12. The system according to claim 10, further comprising:
means for creating a new business process model from said at least one service task; and
means for outputting said new business process model to said database of business process models.
13. The system according to claim 10, further comprising:
means for mining said database of business process models for new business process abstractions; and
means for adding said new business process abstractions to said database of business process models.
14. The system according to claim 10, further comprising:
means for extracting an offered service definition from said service request; and
means for comparing said offered service definition to business process models stored in said database of business process models.
15. The system according to claim 10, further comprising:
means for triggering said business process learning module; and
means for incrementing a counter on said business process learning module.
16. A method, comprising:
searching a database of business process models to determine whether business process models required to fulfill a business service request exist;
creating a service plan for executing said business service request when no matching business process models are found in said database;
outputting said service plan to a business process learning module;
creating at least one service task for performing said business service request;
outputting said at least one service task to said business process learning module;
modifying said existing business process models when a matching business process models are found in said database in order to learn new business process models; and
outputting said new business process models to said business process learning module.
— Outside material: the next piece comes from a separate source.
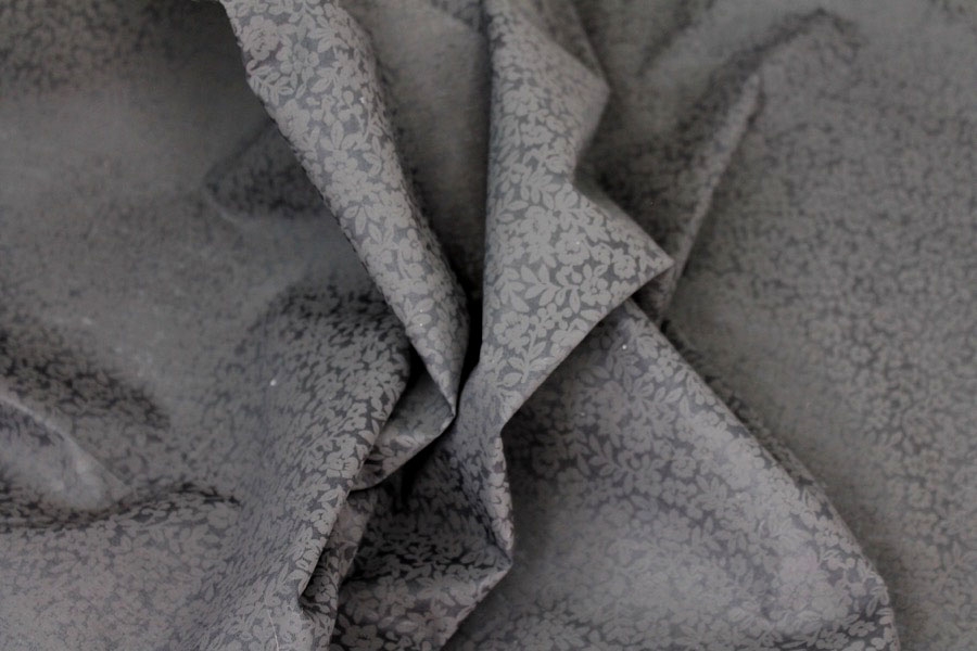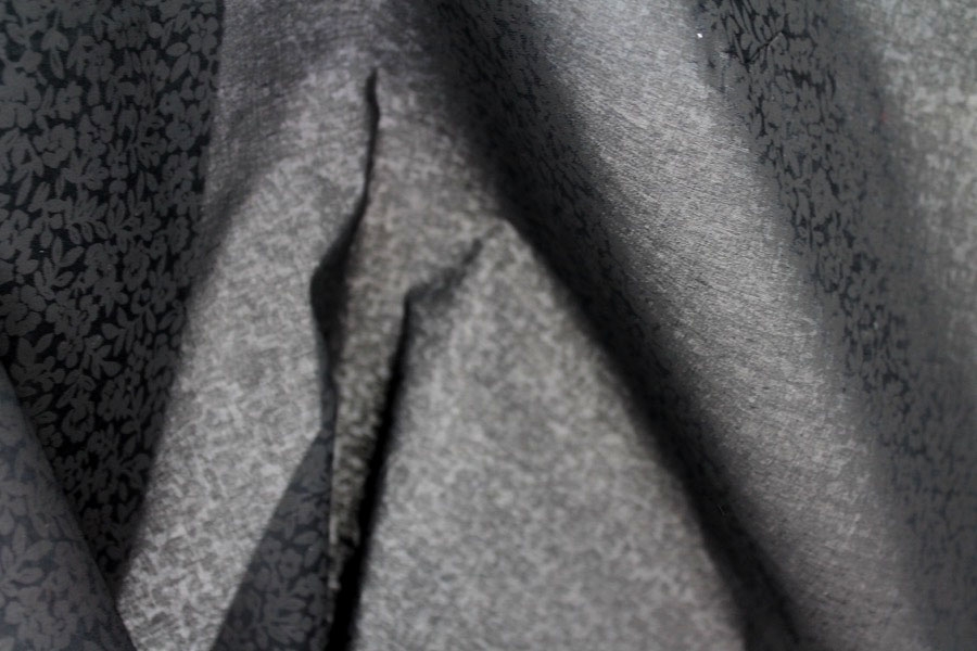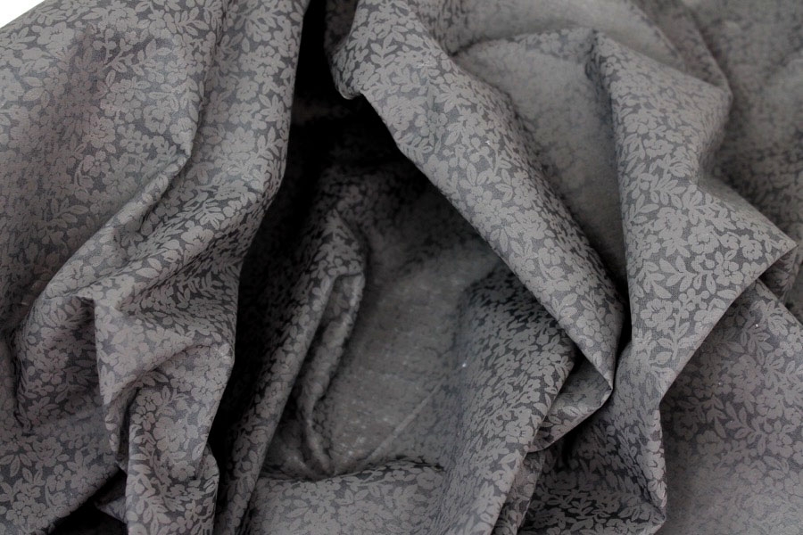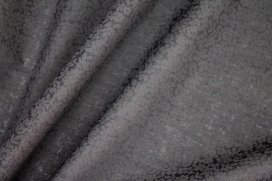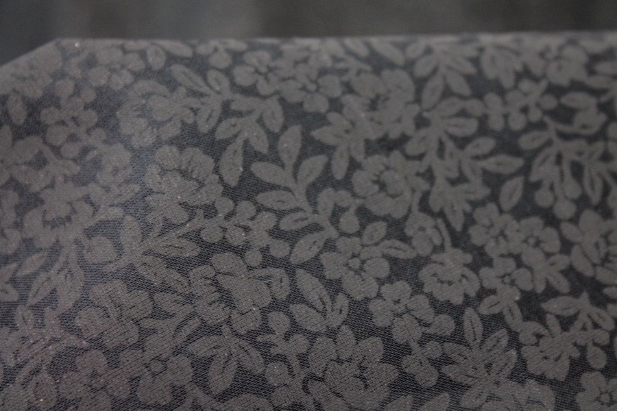 A high quality floral printed sheer cotton in black on black. 100% cotton.

17. A computer program product comprising a computer useable medium including a computer readable program, wherein the computer readable program when executed on a computer causes the computer to:
receive a business service request;
determine whether at least one matching business process model required to fulfill said business service request exists;
output said at least one matching business process model to a database of business process models when matching business process models are found;
provision a service plan for executing said service request when no matching business process models are found;
output said service plan to said business process learning module;
partition at least one service task associated with said generated service plan; and
output said at least one service task to said business process learning module.
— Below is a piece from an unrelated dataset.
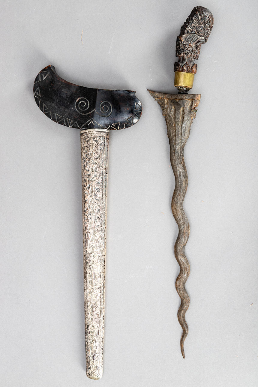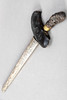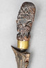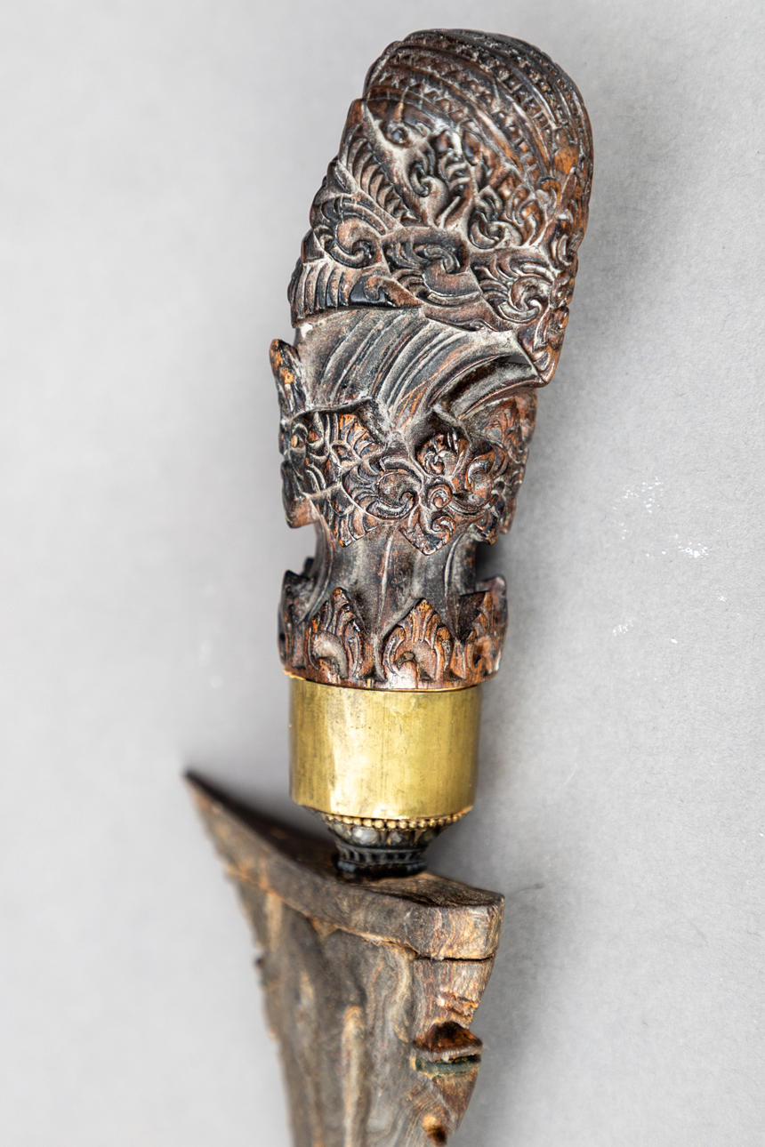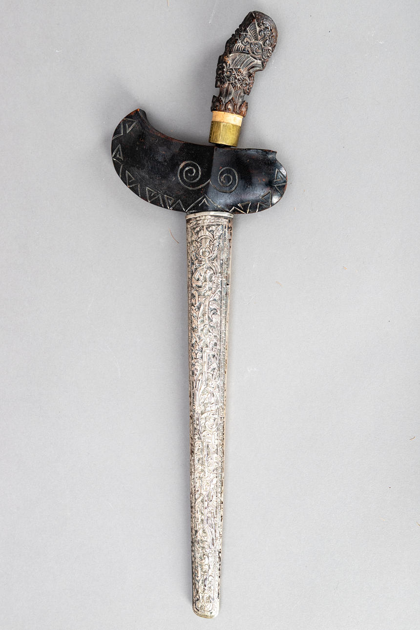 Teräs- ja nikkeliterä, pamor ja 11 luk, kahva veistettyä puuta. Hopeaan kaiverrettu puinen tuppi. L. n. 50 cm.

18. A computer program product according to claim 17, wherein the computer readable program further causes the computer to:
search a database of business process models for business process models that match said business service request.
19. A computer program product according to claim 17, wherein the computer readable program further causes the computer to:
modify said matching business process models.
20. A computer program product according to claim 19, wherein attributes, indices, and descriptions are used to modify said matching business process models.
21. A computer program product according to claim 18, wherein the computer readable program further causes the computer to:
create a new business process model from said at least one service task; and
output said new business process model to said database of business process models.
22. A computer program product according to claim 18, wherein the computer readable program further causes the computer to:
mine said database of business process models for new business process abstractions; and
add said new business process abstractions to said database of business process models.
23. A computer program product according to claim 18, wherein the computer readable program further causes the computer to:
extracting an offered service definition from said service request; and
comparing said offered service definition to business process models stored in said database of business process models.
24. A computer program product according to claim 18, wherein the computer readable program further causes the computer to:
triggering said business process learning module; and
incrementing a counter on said business process learning module.